= Yefim Golyshev =

Ukrainian painter and composer

Yefim Golyshev (Юхим Голишев), variously transliterated as Golyscheff, Golyschev, Golishiff, Golishev, etc., 8 September 1897 – 25 September 1970) was a Ukrainian-born painter and composer who was mainly active in Europe.

After a successful career as a child prodigy violinist and the Reger Prize from Berlin's Stern Conservatory, Golyshev became one of the founding members of the Dadaist November Group, painting "anti-art" works and creating music for kitchen utensils and various new, invented instruments. In 1933 he had to flee from the Nazis, first to Portugal, then to Barcelona, where he worked as a chemist until 1938. He spent World War II in France, either in prison or hiding. Between 1956 and 1966 Golyshev, lived in São Paulo, where he influenced Brazil's Música Nova composers. He died in Paris in 1970.

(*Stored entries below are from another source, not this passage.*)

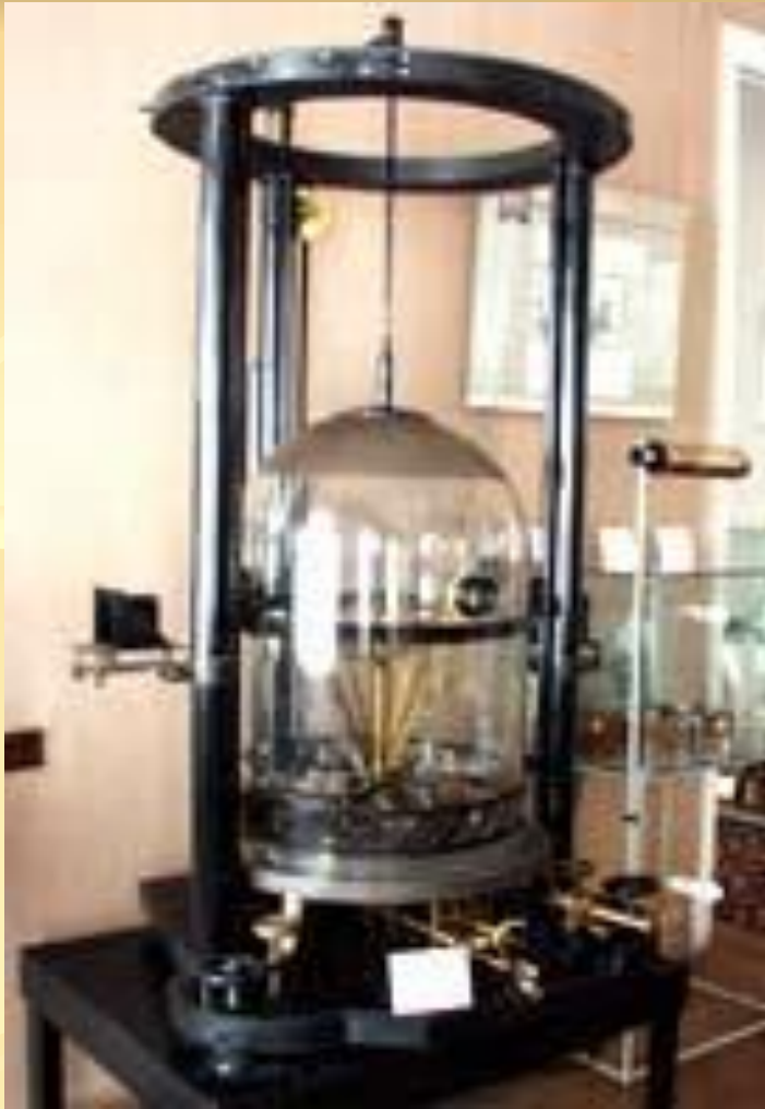
Метрологический музей Госстандарта России
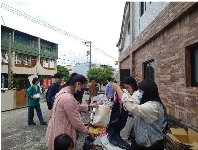
擺攤中，與部落互動
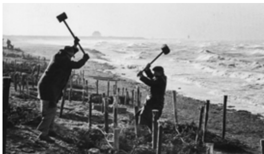
Vor dem nächsten Hochwasser muss der Deich provisorisch gesichert werden

Es hat nicht viel gefehlt in dieser Sturmnacht vom 16. auf den 17. Februar 1962 und die Geschichte Büsums wäre anders verlaufen: Die Gemeinde entging nur knapp einem verheerenden Deichbruch. Zum 50. Jahrestag der großen Flut soll in vielfältiger Weise an das Geschehen erinnert werden.
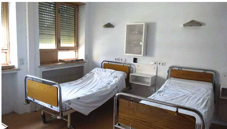
Imagen 49. UCH Jaén

La Unidad cuenta con tres habitaciones dispuestas en torno a los dos pasillos citados a partir de un pequeño recibidor. A la izquierda aparece al fondo una habitación con una cama. Otra, la derecha y al lado de la cabina de seguridad, es de "máxima seguridad" con un sola cama.
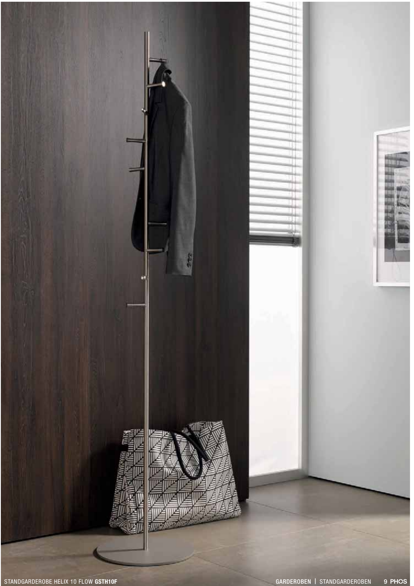
STANDGARDEROBE HELIX 10 FLOW GSTH10F
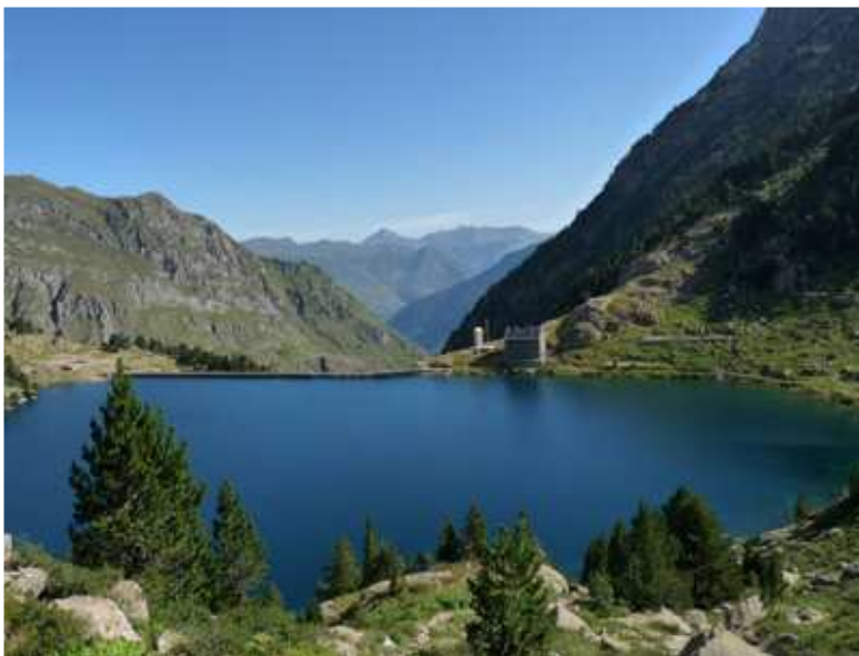
Estany i refugi de la Restanca

A partir d'aquí el GR marxa per la dreta a buscar el més directe possible el Port de Rius, a 2.340 metres d'alçària, el segon dels punts més alts del recorregut. Com que el nostre objectiu són els llacs superiors, rodegem l'estany per la seva riba esquerra fins que grimpem per una paret rocosa i ens enfilem al següent pla, i després de creuar el salt del Arriu del Estanh de Mar , novament grimpem i un altre cop, i així fins arribar a la nostra meta, el Estanh de Mar , la visió es fantàstica, aquella gran massa d'aigua envoltada de muntanyes com si no volguessin que se n'anés barranc avall, i al fons, presidint tan magnífic espectacle, el Massís de Besiberri; ara ens toca anar vorejant el llac per la esquerra. De vegades un corriol precedeix les nostres passes, altres hem de grimpar per les panxudes roques que s'endinsen a l'estany, i entre una cosa i altra quasi sempre hem d'anar sortejant els grans blocs despresos de la part més elevada de la muntanya per acció de l'erosió natural de l'aigua de pluja i el fred de l'hivern. El sender torna a grimpar, però aquest cop fort, molt fort, casi una vertical per roca descomposta i terrosa de vegades, en pocs minuts pugem 250 metres, fins els 2.500 de la Colhada del Estahn de Mar .
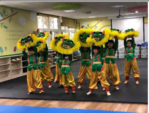
跨領域課程獅子舞排練
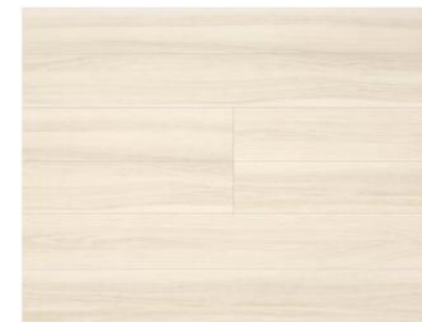
Italian Walnut イタリアンウォルナット
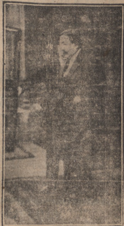
P. Painleve po otrzymaniu misji utworzenia gabinetu opuszcza Pałac Elizejski.

Jak donosi „Chicago Tribune” z Meksyku, miasto Sombretete w stanie Zacatecas zostało niemal doszczętnie zniszczone przez wybuchy sąsiednich wulkanów i równoczesne trzęsienie ziemi. Liczba ofiar wynosi przypuszczalnie przeszło 1.000 osób.

Golyshev the composer is notable for his only surviving composition, a string trio. This piece, subtitled Zwölftondauer-Komplexe (twelve-tone-duration complexes), was published in 1925 in Berlin, but was possibly written as early as 1914. It makes use of various 12-note and 12-duration complexes, making it one of the earliest pieces of music composed using a variant of twelve-tone technique, and predating Olivier Messiaen's work. There are five movements, four provided with titles referencing their dynamics:
1. Mezzo-forte (Largo)
2. Fortissimo (Allegro)
3. Piano (Andante)
4. Pianissimo (Allegretto)
5. Adagio (Adagio)
The dynamics in the last movement are left to the performers to decide on. Copies of the archival score can be ordered directly from Robert Lienau, the original publishers of the work.

The rest of Golyshev's compositional output, which included two operas, romances, music for Vsevolod Pudovkin's lost film Igdenbu the Great Hunter, a string quartet and other pieces, is lost.

Golyshev provided illustrations for Sensorialité Excentrique, the last book published by Raoul Hausmann in 1970.